In this chapter we will focus only on two ML techniques which are, however, very versatile since they can be used for classification, regression and other tasks. The first and most basic of these techniques is decision trees. Building on these, we will then explore random forests. Both methods belong to the supervised learning approach. To illustrate the usage of these techniques within the context of population science, we will look at predicting median rent prices across the UK geography, based on a set of sociodemographic variables.

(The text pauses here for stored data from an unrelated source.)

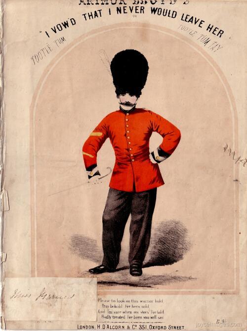 'I Vowed that I Never Would Leave Her' was a popular music hall song written in 1873 by Arthur Lloyd (1839 - 1904). As seen in the subtitle on this music sheet, 'Tooraloom' is actually 'Tootle tum'...
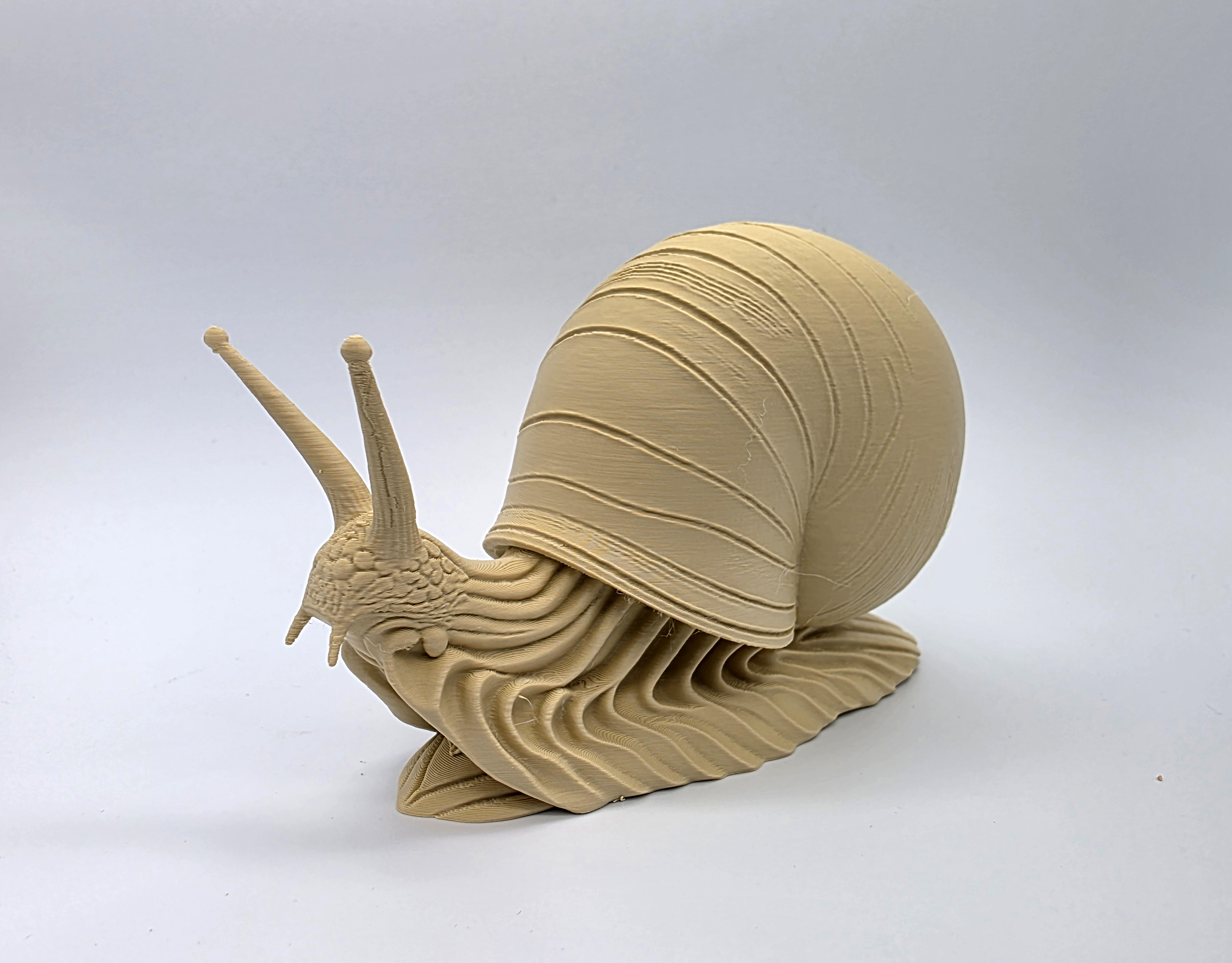 Mẫu ốc sên High-Detail Snail đáy phẳng, dễ in (EZ Printing). Thuộc bộ sưu tập 5 con ốc sên làm theo yêu cầu. Khuyến nghị dùng tree supports và chỉ đặt supports trên build plate.
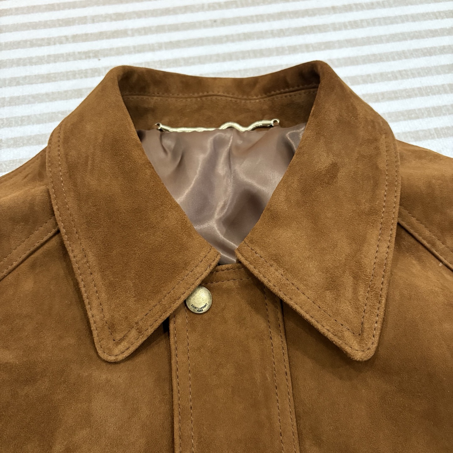 这款衣服是AAAAA 1:1 质量 (非常棒). 使用了和原版一模一样的材料. 商标部分也保持了和圣罗兰/Saint Laurent一样. 图片拍摄是实物衣服拍摄, 您所收到的实物保证和我们图片一模一样.
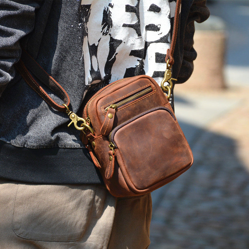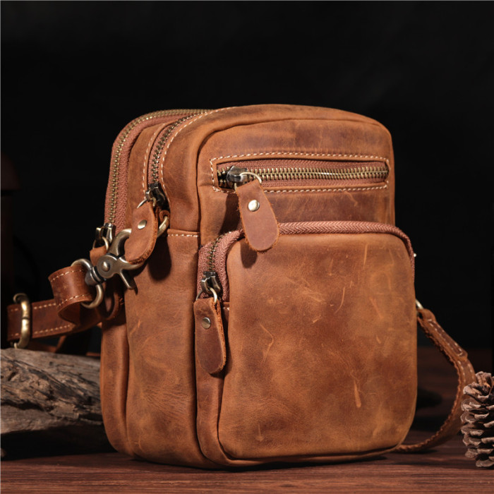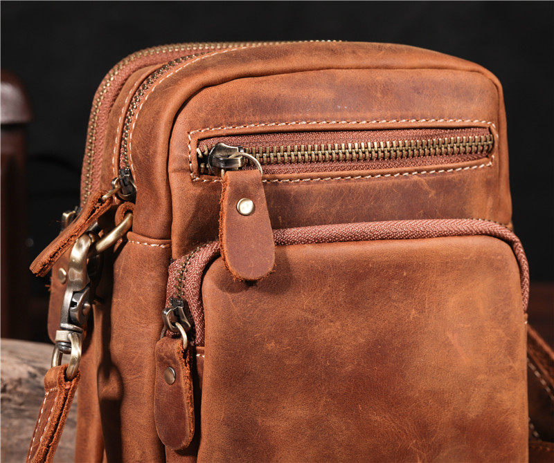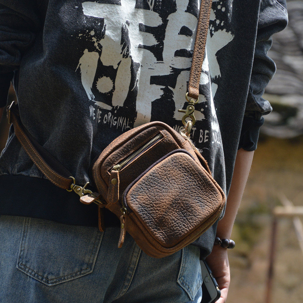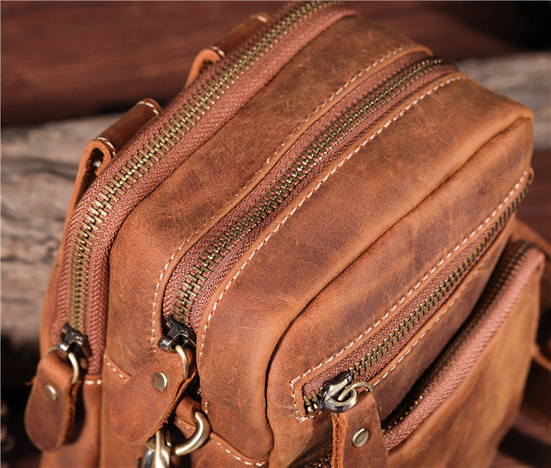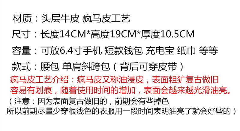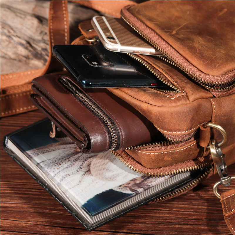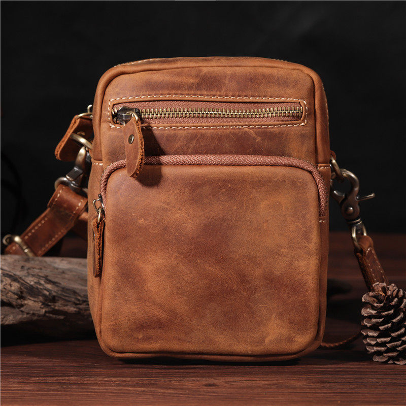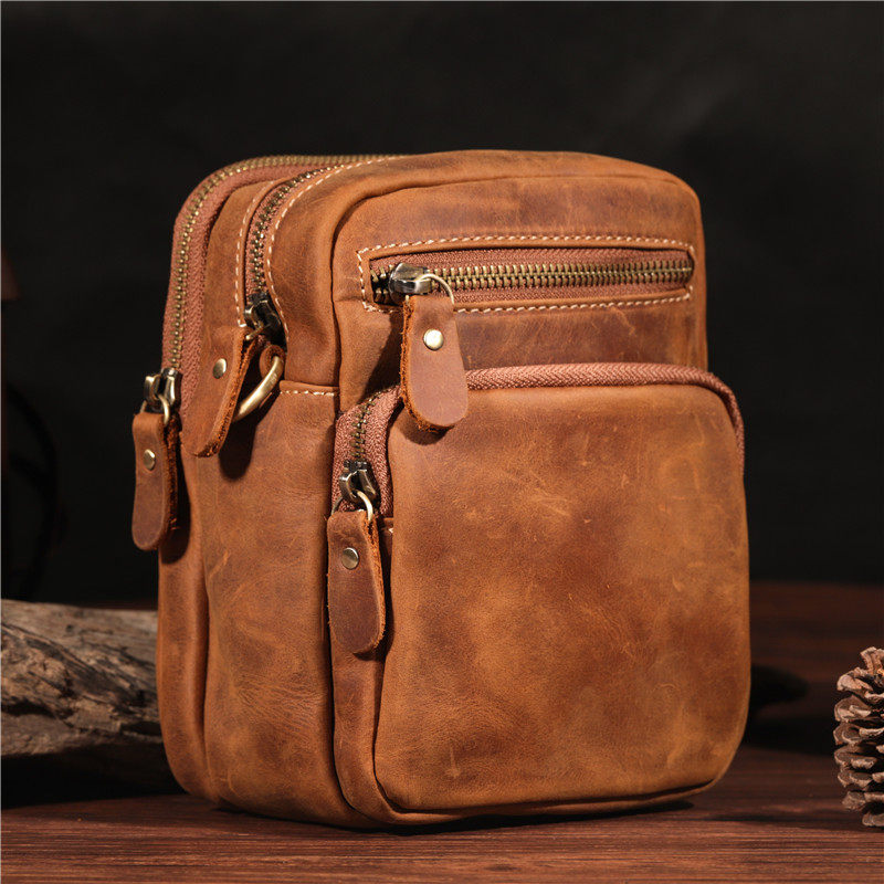原創新款瘋馬皮腰包男多隔層小包真皮復古斜後後背包牛皮手機包運動包
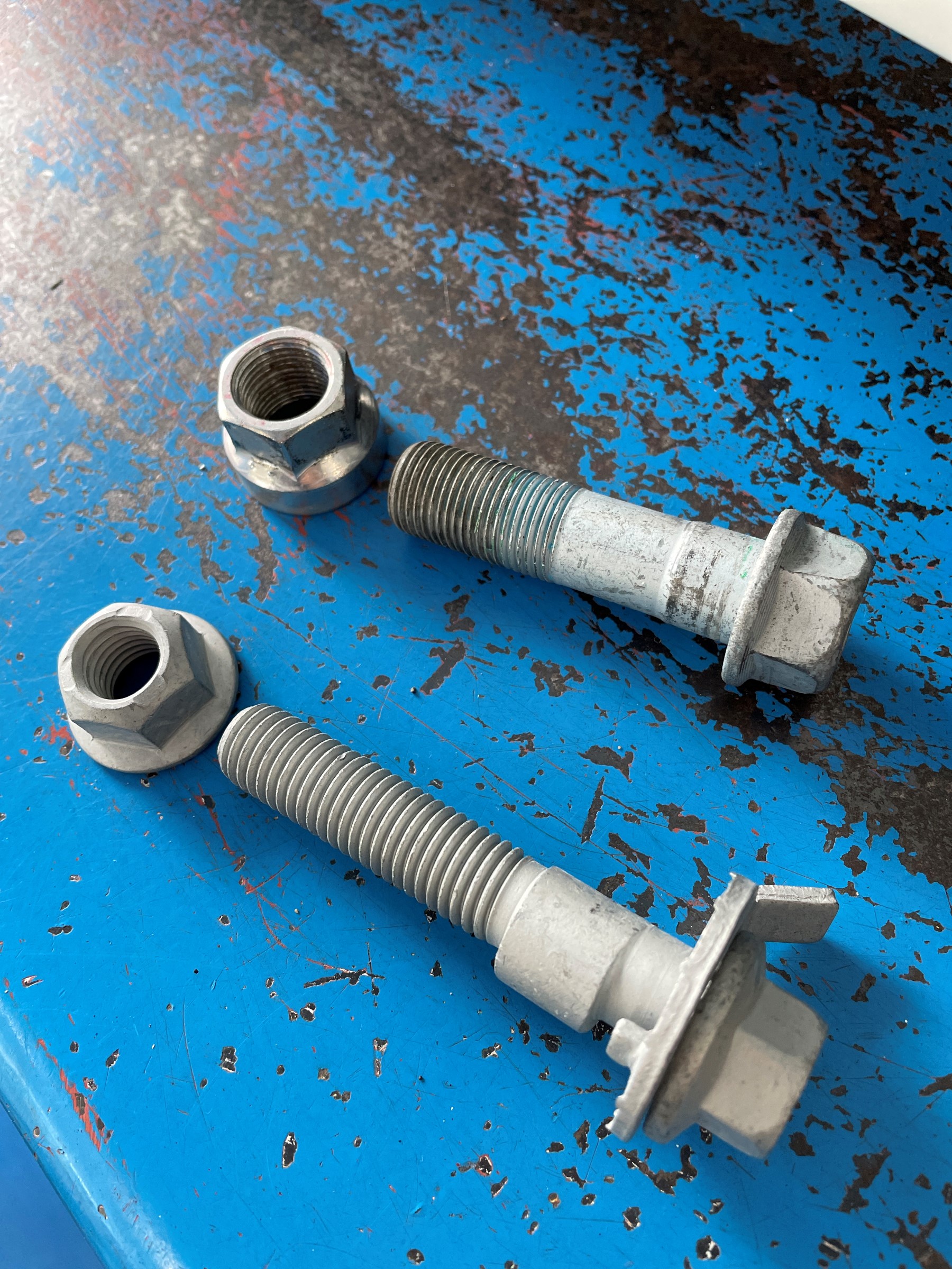 純正ボルトと比べると、手前のキャンバーボルトは偏心カムになっているのがわかります。
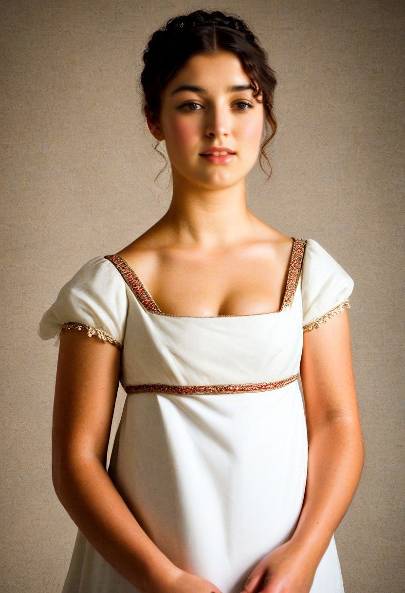 score_9, score_8_up, score_7_up, score_6_up, perfect anatomy, perfect proportions, best quality, masterpiece, high_resolution, high quality, aesthetic, absurdres, insanely detailed, BREAK (solo female, female focus, beautiful cozy, pretty, cute), upper body, dutch_angle, cowboy shot, BREAK (british girl, young girl, brown hair, hair bun, beautiful eyes), BREAK (r3g3ncy, regency period dress, white dress, bare arms, short sleeves), grassy meadow in the fall, BREAK cowboy shot, upperbody, stomach, perfect face, detail background, movie still, eye contact, vibrant, vivid, stardom, glamorous, retro, extraordinary achievement, award-winning, expressionist, dynamic, cinematic, cinematic still, emotional, harmonious, vignette, bokeh, cinemascope, moody, epic, gorgeous, detail background, Debutante ball, ball room, banquet, indoors, regency architecture
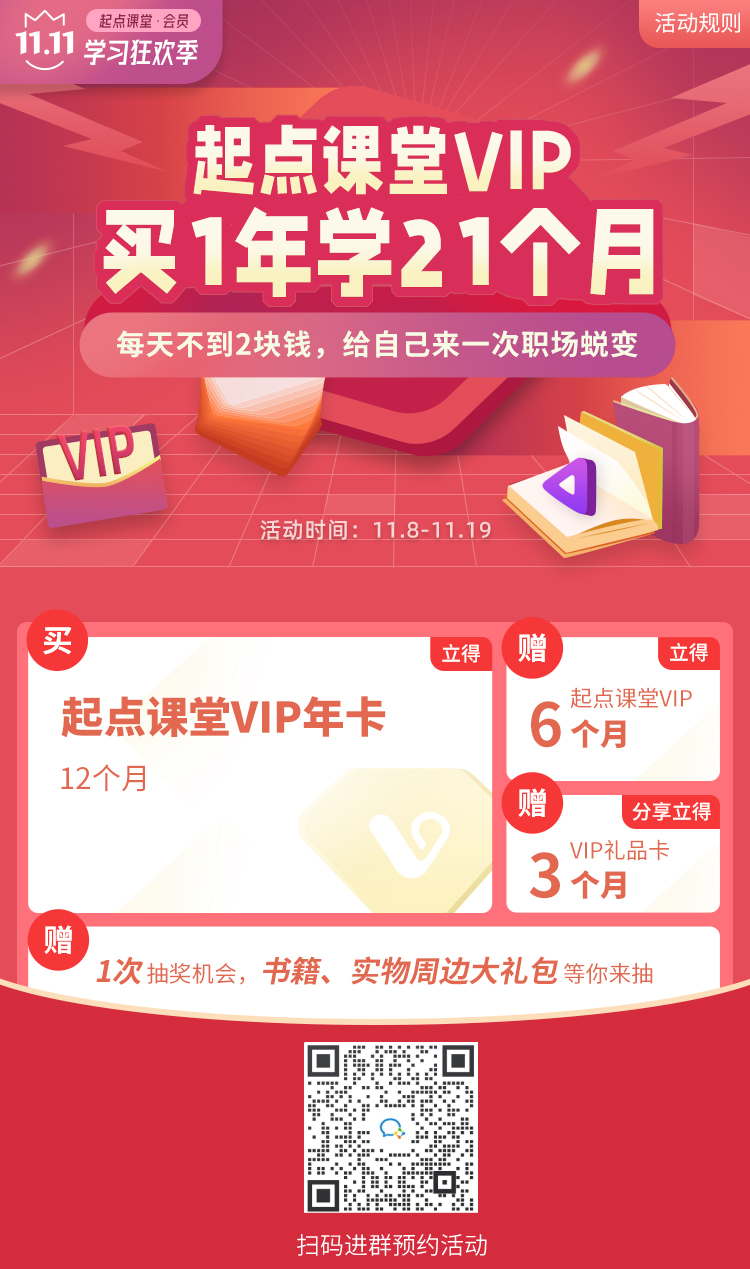 活动期间购买1年起点课堂会员,将额外送9个月会员时长!即一次性得21个月会员。
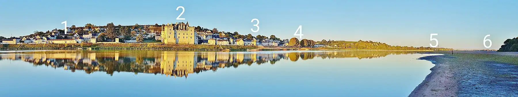 2-mile Montsoreau Skyline Panorama from Quai Alexandre Dumas to Than Island, taken in October 2018 from Than Island, Loire Valley.
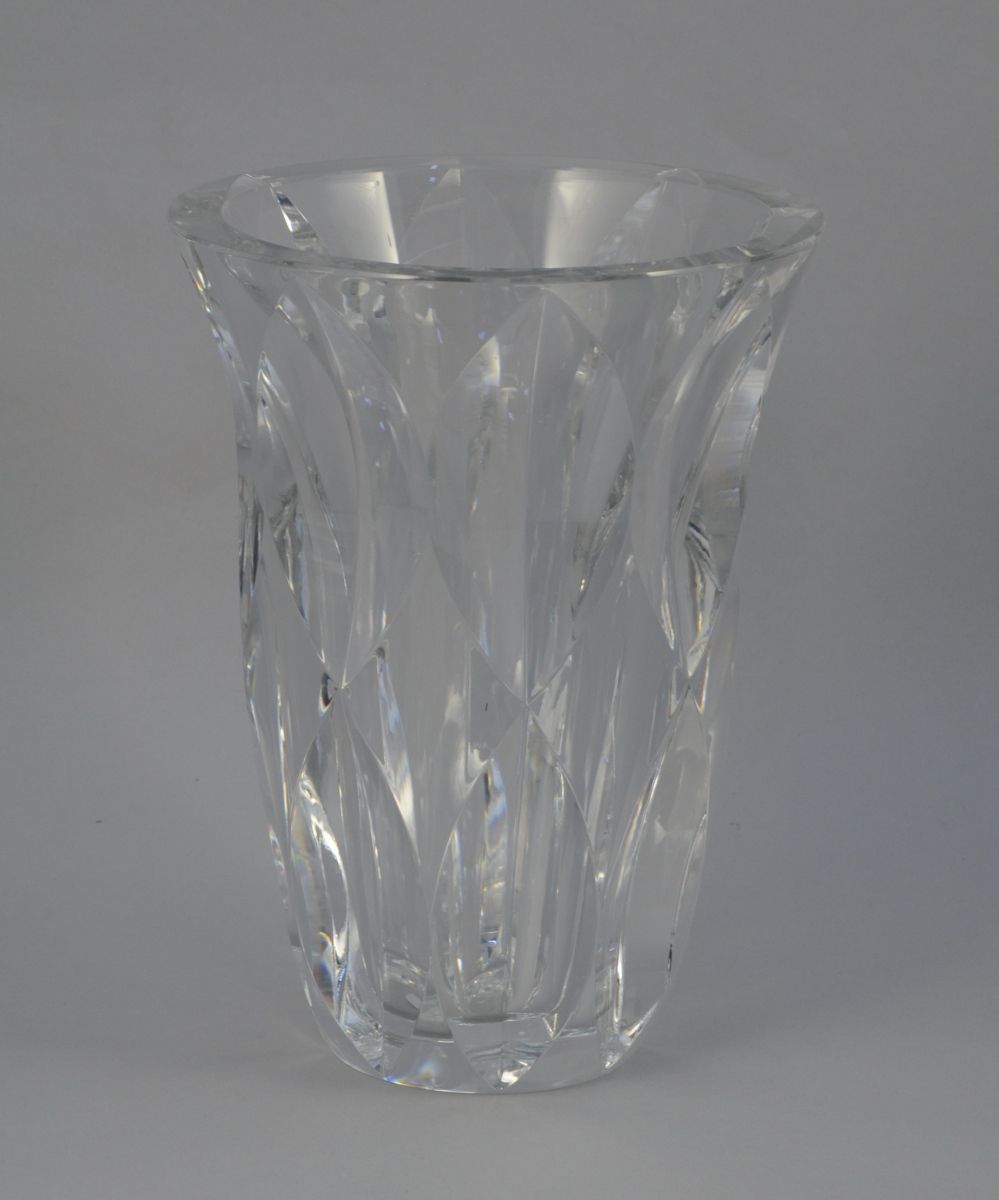 SAINT-LOUIS. VASE conique en cristal facetté de forme lancéolée. Signé sous la base.

This chapter is based, among others, on the following references:

Hands-on Machine Learning with R. Chapter 9: Decision trees (Boehmke 2019).
UC Business Analytics R Programming Guide, developed by Brad Boehmke. Specifically, the chapters on Regression Trees & Bagging and Random Forests, which can be found here.

10.1 Dependencies

# Import the dplyr package for data manipulation
suppressMessages(library(dplyr))
# Import the rpart package for decision tree modeling
suppressMessages(library(rpart))
# Import the rpart.plot package for visualization of decision trees
suppressMessages(library(rpart.plot))
# Import ggplot 2 to make plots
suppressMessages(library(ggplot2))
# Import Metrics for performance metrics calculation
suppressMessages(library(Metrics))
# Import caret for machine learning modeling and evaluation
suppressMessages(library(caret))
# Import randomForest for the random forest algorithm
suppressMessages(library(randomForest))
# Import ranger for the ranger implementation of random forest, which is optimised for performance
suppressMessages(library(ranger))
# spatial data manipulation
suppressMessages(library(stars))

10.2 Data

As mentioned above, we will learn about decision trees and random forests through a practical example where the goal is to predict the median rent price in different UK locations based on the sociodemographic characteristics of those locations. Given that UK censuses take place separately in Northern Ireland, Scotland and England & Wales, we will focus only on England & Wales for simplicity.

In the code chunk below, we load a data set that has already been prepared for this notebook. It includes a variety of variables related to demographic characteristics of the population, aggregated at the Middle-Layer Super Output Area (MSOA) level. All the variables are derived from the 2021 census and the raw data can be downloaded from here.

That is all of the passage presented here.